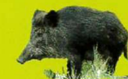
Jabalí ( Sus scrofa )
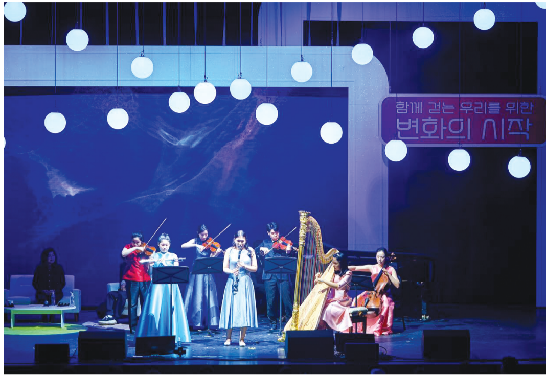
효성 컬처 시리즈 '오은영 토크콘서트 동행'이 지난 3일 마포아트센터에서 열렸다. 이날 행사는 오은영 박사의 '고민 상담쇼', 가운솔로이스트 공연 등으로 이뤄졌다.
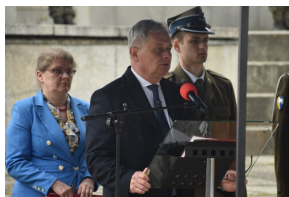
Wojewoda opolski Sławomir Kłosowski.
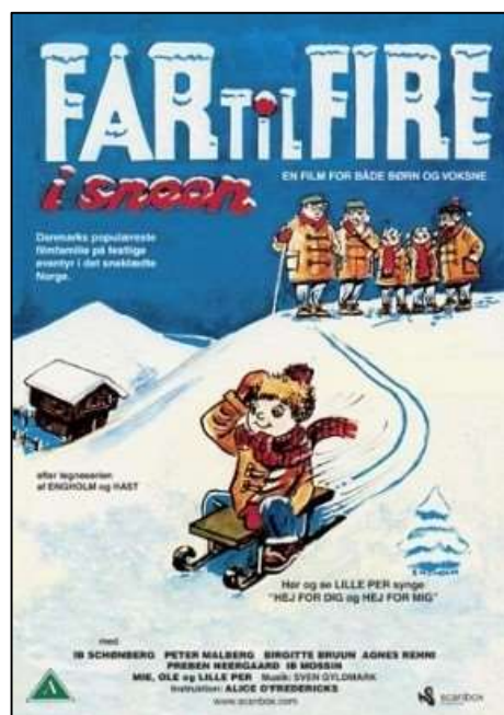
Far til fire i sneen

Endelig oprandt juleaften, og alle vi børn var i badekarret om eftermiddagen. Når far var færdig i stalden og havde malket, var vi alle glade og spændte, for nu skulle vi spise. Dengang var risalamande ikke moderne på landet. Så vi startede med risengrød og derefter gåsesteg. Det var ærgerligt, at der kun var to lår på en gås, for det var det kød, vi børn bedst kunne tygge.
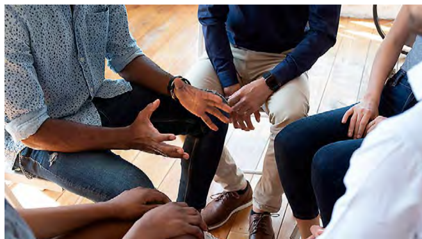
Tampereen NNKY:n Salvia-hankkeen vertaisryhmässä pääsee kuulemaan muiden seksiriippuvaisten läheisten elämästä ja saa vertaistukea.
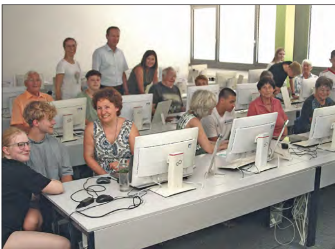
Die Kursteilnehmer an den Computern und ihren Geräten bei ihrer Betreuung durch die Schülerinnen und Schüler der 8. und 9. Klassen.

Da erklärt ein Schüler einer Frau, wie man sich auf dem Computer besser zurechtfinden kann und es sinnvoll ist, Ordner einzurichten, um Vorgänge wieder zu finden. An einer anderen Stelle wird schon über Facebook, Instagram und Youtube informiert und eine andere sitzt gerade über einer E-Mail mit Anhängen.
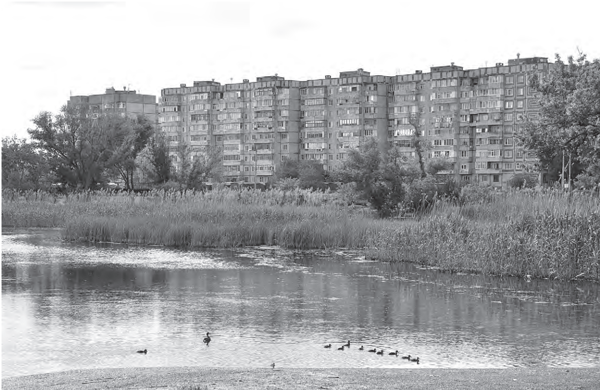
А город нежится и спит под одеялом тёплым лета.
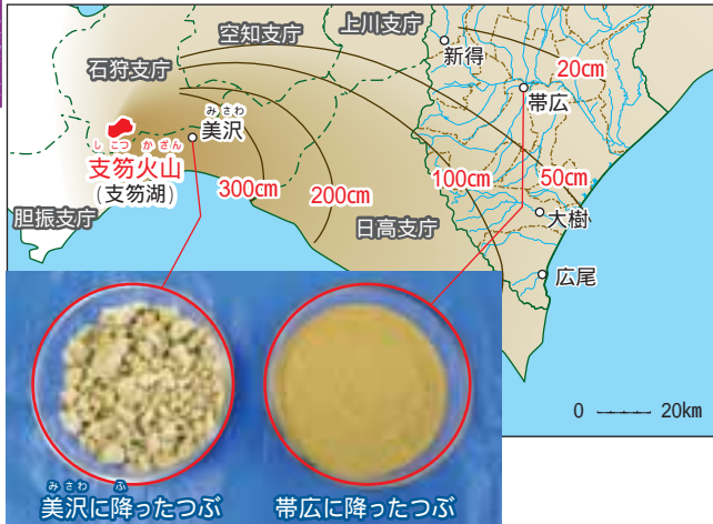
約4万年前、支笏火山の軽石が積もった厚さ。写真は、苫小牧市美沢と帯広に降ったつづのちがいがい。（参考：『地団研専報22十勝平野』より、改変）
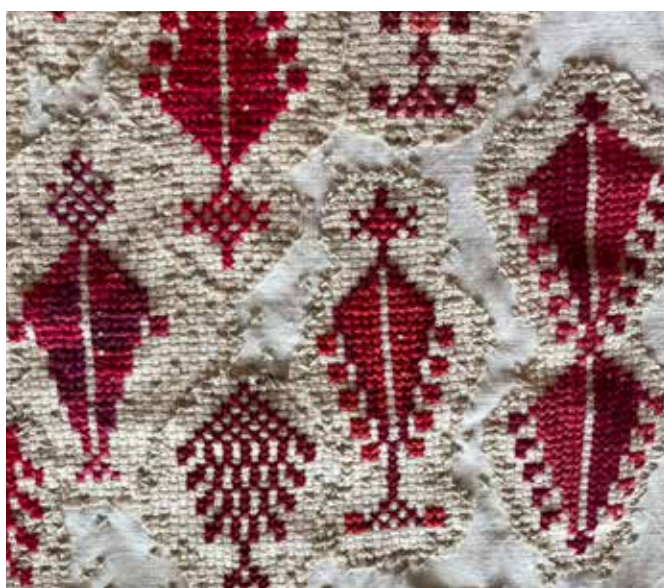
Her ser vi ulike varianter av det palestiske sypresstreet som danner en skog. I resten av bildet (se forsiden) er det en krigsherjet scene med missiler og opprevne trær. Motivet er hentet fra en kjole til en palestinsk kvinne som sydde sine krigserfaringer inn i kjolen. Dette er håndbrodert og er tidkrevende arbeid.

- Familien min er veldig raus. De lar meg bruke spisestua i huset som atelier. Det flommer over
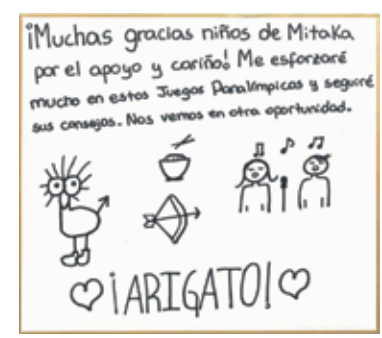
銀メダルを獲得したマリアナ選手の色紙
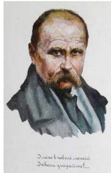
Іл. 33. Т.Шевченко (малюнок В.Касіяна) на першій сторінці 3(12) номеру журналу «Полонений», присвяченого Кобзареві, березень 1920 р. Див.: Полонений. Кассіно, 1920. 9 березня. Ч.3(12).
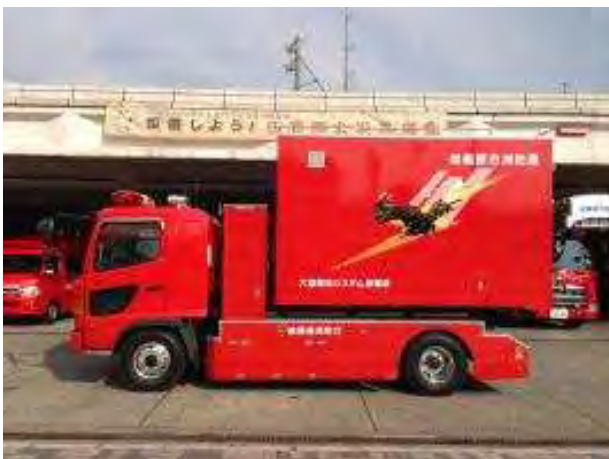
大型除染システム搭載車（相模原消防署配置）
+---+
▸ Prompt
Within the entries above, the lines from the one containing "Die Kursteilnehmer an" through the one containing "Her ser vi ulike" are to be transcribed exactly, ends included, pictures excluded.

▸ Response to the task
Die Kursteilnehmer an den Computern und ihren Geräten bei ihrer Betreuung durch die Schülerinnen und Schüler der 8. und 9. Klassen.

Da erklärt ein Schüler einer Frau, wie man sich auf dem Computer besser zurechtfinden kann und es sinnvoll ist, Ordner einzurichten, um Vorgänge wieder zu finden. An einer anderen Stelle wird schon über Facebook, Instagram und Youtube informiert und eine andere sitzt gerade über einer E-Mail mit Anhängen.
А город нежится и спит под одеялом тёплым лета.
約4万年前、支笏火山の軽石が積もった厚さ。写真は、苫小牧市美沢と帯広に降ったつづのちがいがい。（参考：『地団研専報22十勝平野』より、改変）
Her ser vi ulike varianter av det palestiske sypresstreet som danner en skog. I resten av bildet (se forsiden) er det en krigsherjet scene med missiler og opprevne trær. Motivet er hentet fra en kjole til en palestinsk kvinne som sydde sine krigserfaringer inn i kjolen. Dette er håndbrodert og er tidkrevende arbeid.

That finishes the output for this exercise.